Excerpted records:
_ _ _

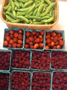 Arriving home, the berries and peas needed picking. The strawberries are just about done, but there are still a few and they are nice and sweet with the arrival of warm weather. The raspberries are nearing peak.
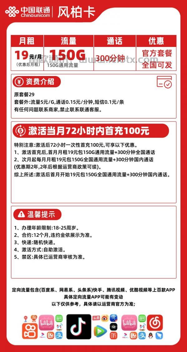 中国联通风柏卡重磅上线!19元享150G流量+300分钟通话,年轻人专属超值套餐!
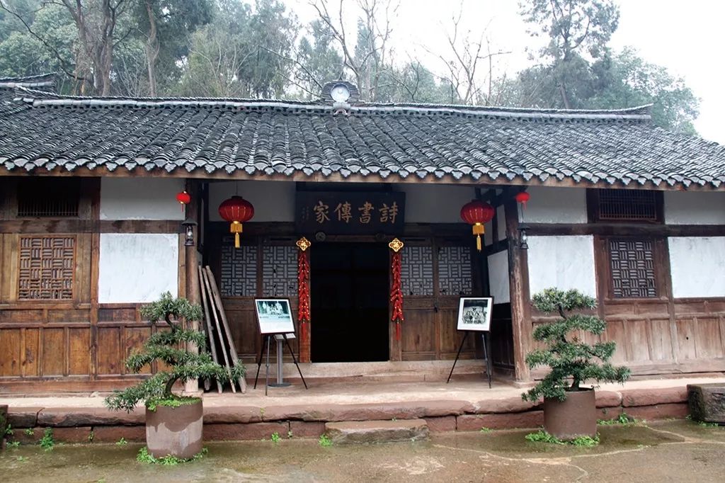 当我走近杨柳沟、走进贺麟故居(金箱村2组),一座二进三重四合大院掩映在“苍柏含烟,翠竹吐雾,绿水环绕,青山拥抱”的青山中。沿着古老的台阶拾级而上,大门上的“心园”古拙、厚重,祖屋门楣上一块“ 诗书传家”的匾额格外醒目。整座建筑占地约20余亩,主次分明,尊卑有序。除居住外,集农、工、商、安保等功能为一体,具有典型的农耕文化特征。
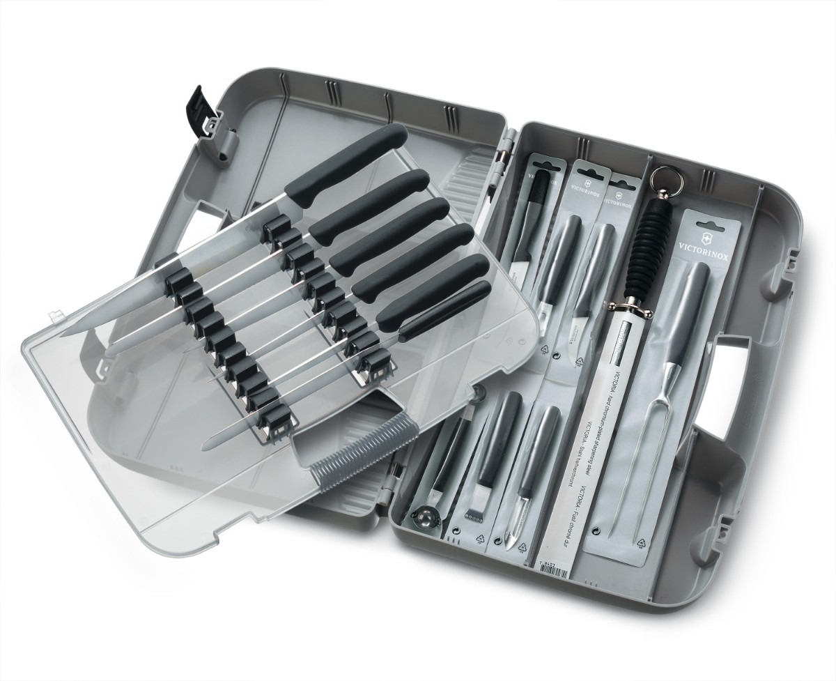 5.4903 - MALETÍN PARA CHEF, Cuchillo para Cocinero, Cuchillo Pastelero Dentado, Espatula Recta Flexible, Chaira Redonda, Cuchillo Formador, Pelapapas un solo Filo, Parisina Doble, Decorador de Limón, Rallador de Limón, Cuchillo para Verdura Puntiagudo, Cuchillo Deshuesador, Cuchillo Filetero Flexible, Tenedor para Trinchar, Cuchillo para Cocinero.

_ _ _

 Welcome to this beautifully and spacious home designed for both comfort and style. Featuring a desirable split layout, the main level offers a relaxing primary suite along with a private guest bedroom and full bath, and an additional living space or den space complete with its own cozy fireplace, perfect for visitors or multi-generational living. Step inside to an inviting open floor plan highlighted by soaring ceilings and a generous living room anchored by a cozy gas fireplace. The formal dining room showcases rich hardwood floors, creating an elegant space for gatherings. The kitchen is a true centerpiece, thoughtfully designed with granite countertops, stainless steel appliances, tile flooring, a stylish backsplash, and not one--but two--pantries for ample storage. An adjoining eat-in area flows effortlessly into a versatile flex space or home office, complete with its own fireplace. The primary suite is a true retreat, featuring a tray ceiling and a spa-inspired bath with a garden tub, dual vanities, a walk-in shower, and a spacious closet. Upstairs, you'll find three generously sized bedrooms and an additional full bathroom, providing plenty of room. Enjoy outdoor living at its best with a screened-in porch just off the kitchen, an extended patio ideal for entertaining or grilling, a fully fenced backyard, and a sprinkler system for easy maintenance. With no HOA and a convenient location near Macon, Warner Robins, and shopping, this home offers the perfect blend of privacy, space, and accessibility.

_ _ _

About this exercise: Give again, exactly as written above, each line from the one that has "中国联通风柏卡重磅上线!19" to the one that has "5.4903 - MALETÍN", both included; omit the pictures.

Answer to the problem:
 中国联通风柏卡重磅上线!19元享150G流量+300分钟通话,年轻人专属超值套餐!
 当我走近杨柳沟、走进贺麟故居(金箱村2组),一座二进三重四合大院掩映在“苍柏含烟,翠竹吐雾,绿水环绕,青山拥抱”的青山中。沿着古老的台阶拾级而上,大门上的“心园”古拙、厚重,祖屋门楣上一块“ 诗书传家”的匾额格外醒目。整座建筑占地约20余亩,主次分明,尊卑有序。除居住外,集农、工、商、安保等功能为一体,具有典型的农耕文化特征。
 5.4903 - MALETÍN PARA CHEF, Cuchillo para Cocinero, Cuchillo Pastelero Dentado, Espatula Recta Flexible, Chaira Redonda, Cuchillo Formador, Pelapapas un solo Filo, Parisina Doble, Decorador de Limón, Rallador de Limón, Cuchillo para Verdura Puntiagudo, Cuchillo Deshuesador, Cuchillo Filetero Flexible, Tenedor para Trinchar, Cuchillo para Cocinero.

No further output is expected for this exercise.